The film really needs some editing – there’s a lengthy gay marriage ceremony, which might have seemed sensational in 1975, but even then didn’t need showing in its entirety, and equally dull sequences covering Australia’s obsession with gambling and beer, and UFO fanatics. These might be suitable subjects for a less sensationalist film, but here, they simply cause the movie to grind to a crashing halt. A lengthy sequence with godawful performance artist/comedian/cock Count Copernicus will also test your patience.

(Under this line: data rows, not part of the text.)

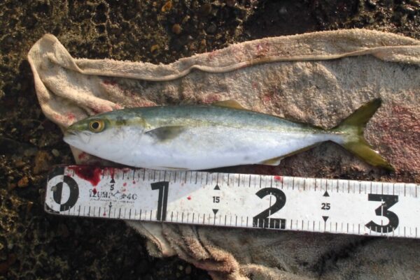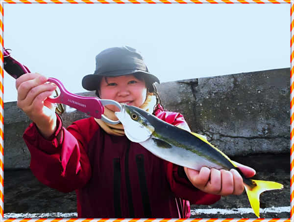 ワカシ 31cm 1匹 7番 メタルジグ 3種類釣った女性の釣果です。
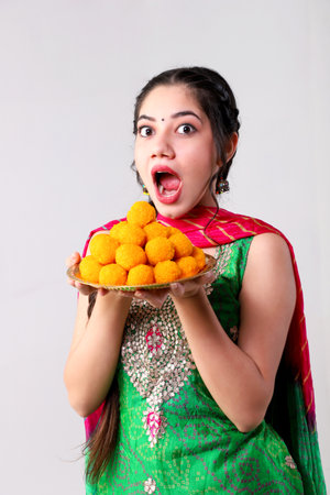 Surprised Indian young woman in traditional saree holding plate full of dumplings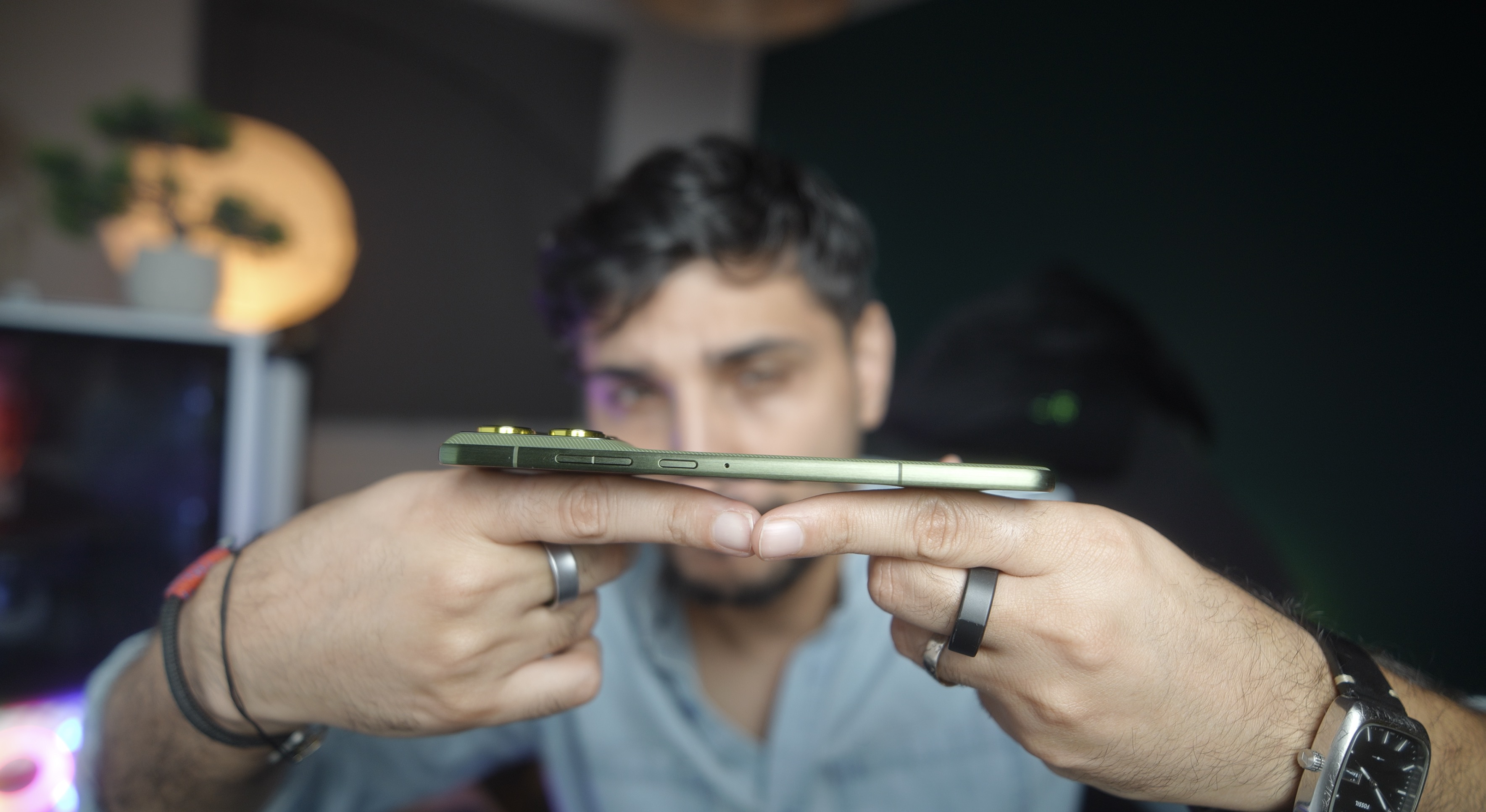 Pe spate avem obișnuitul sticker Pantone cu culoarea Bronze Green, care mie personal îmi place foarte mult. Rama din aluminiu este vopsită tot verde, iar telefonul are accente aurii pe modulul camerei și pe butonul de AI. Avem obișnuitele butoane pentru volum și pornire, dar aici sus avem și butonul pentru AI care poate fi apăsat mai lung pentru activarea Moto Ai sau o dublă apăsare pentru o anumită acțiune specifică de AI. Din păcate, nu poți reprograma acest buton pentru altceva, dar îi poți scoate funcția dacă nu-ți place sau nu o dorești.

Australia After DarkThere is, at least, a copious amount of nudity, as the film visits nude beaches and looks at ‘food sex’, porno film production and assorted types of erotic art in a sterling effort to cram as much bare flesh as possible into the proceedings. There’s rarely more than about five minutes of footage without a naked girl, and the film ends with an underwater sequence showing Gina Allen snorkelling on the Great Barrier Reef – an attempt to wrap things up that doesn’t quite give the film the philosophical ending that the best Mondo films manage so effortlessly.

In the end, Lamond’s film is a good attempt at copying the Mondo film style, but it doesn’t quite hit the mark. The pacing, the content, the narration and the music fail to create a sense of being taken on a journey that the best films in the genre have. Instead, it seems to be clutching at straws. Perhaps Australia just wasn’t that exciting a place in the mid-70s.

Mondo completists will, of course, want to see it – it’s shameful how few of the classic films of the genre are out on DVD, so every hole’s a goal so to speak. But this is strictly second division stuff, and anyone expecting something like 1970s Mondo classics such as Savage Man, Savage Beast or This Violent World will be very disappointed.